In the current Nutch 1.4-dev you can check the output of the indexer by using 
the indexchecker command. It'll take an url and displays the values of the 
fields it's going to add.
 
> Lewis,
> 
> After shaking off the annoyance of your "RTFM Luke" answer (I had read
> the tutorial several times), I listened to your suggestion (I do respect
> my elders ... especially my 'application-elders') and I spent the
> weekend reading code,  scanning the javadocs files and adding logging
> statements.  Considering how poorly Nutch is documented (sparse, and
> what is documented probably refers to an old version), it was
> challenging, but worthwhile.  What I found:
> 
> That I deserve a kick in the head since I was only looking in the Nutch
> databases for the results of urlmeta., The Nutch databases, of course,
> no longer contain indexing information; the name URLMetaIndexingFilter
> (indexing !!!) should have told me.
> 
> That still did not help when I looked in the Solr Index.  After a lot of
> analysis and some logging statements later, I discovered that 'urlmeta'
> was not being loaded.  The plugin.includes statement in the tutorial is
> incorrect.  It is (fragment)
> 
> ...|index-(basic|anchor|'''urlmeta''')| ...
> 
> 
> and should be
> 
> ...|index-(basic|anchor)| urlmeta | ...
> 
> The name of the plugin is 'urlmeta' not index-urlmeta.
> 
> Once I got urlmeta loaded, the indexing almost ran correctly.  I got a
> Solr error complaining that a field was undefined ... the metadata
> fields that I was injecting.  I solved that problem by added the two
> fields I was injecting to the Solr schema.xml.  With that, the indexing
> completed with no errors.
> 
> I now (I think) understand how urlmeta works.  I do have two questions,
> however.
> 
> 1) Now that Solr is the official indexer for Nutch, are we still
> supposed to copy the Nutch schema over to Solr?  The Solr schema has
> gotten very complicated recently and I am concerned about losing some
> Solr functionality.
> 
> 2) What is the roll of solrindex-mapping.xml ? I only added my field
> names to the Solr schema.xml; I made no changes to the Nutch schema.xml
> nor made any changes to solrindex-mapping.xml.
> 
> All, in all, an interesting and educational weekend.
> 
> /jb
> 
> On 8/25/2011 5:11 AM, lewis john mcgibbney wrote:
> > Hi JB,
> > 
> > We have recently finished a complete plugin tutorial which fully explains
> > the functionality of the urlmeta plugin on the wiki.
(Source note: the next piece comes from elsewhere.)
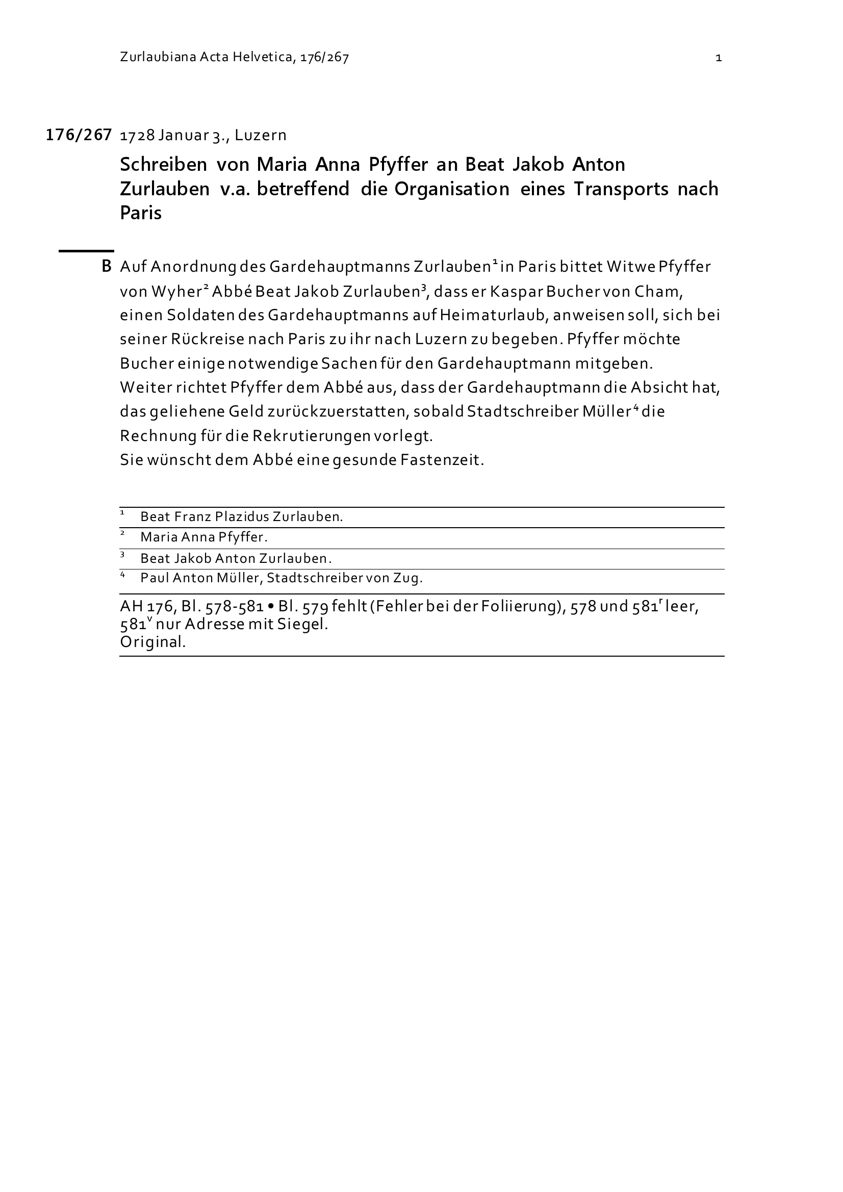 Schreiben von Maria Anna Pfyffer an Beat Jakob Anton Zurlauben v.a. betreffend die Organisation eines Transports nach Paris

It can be found here
> > [1], could I ask you to have a thorough look at it, and the code and if
> > you still have questions then please reinforce them.
> > 
> > [1] http://wiki.apache.org/nutch/WritingPluginExample
> > 
> > Thank you
> > 
> > On Wed, Aug 24, 2011 at 9:36 PM, John R.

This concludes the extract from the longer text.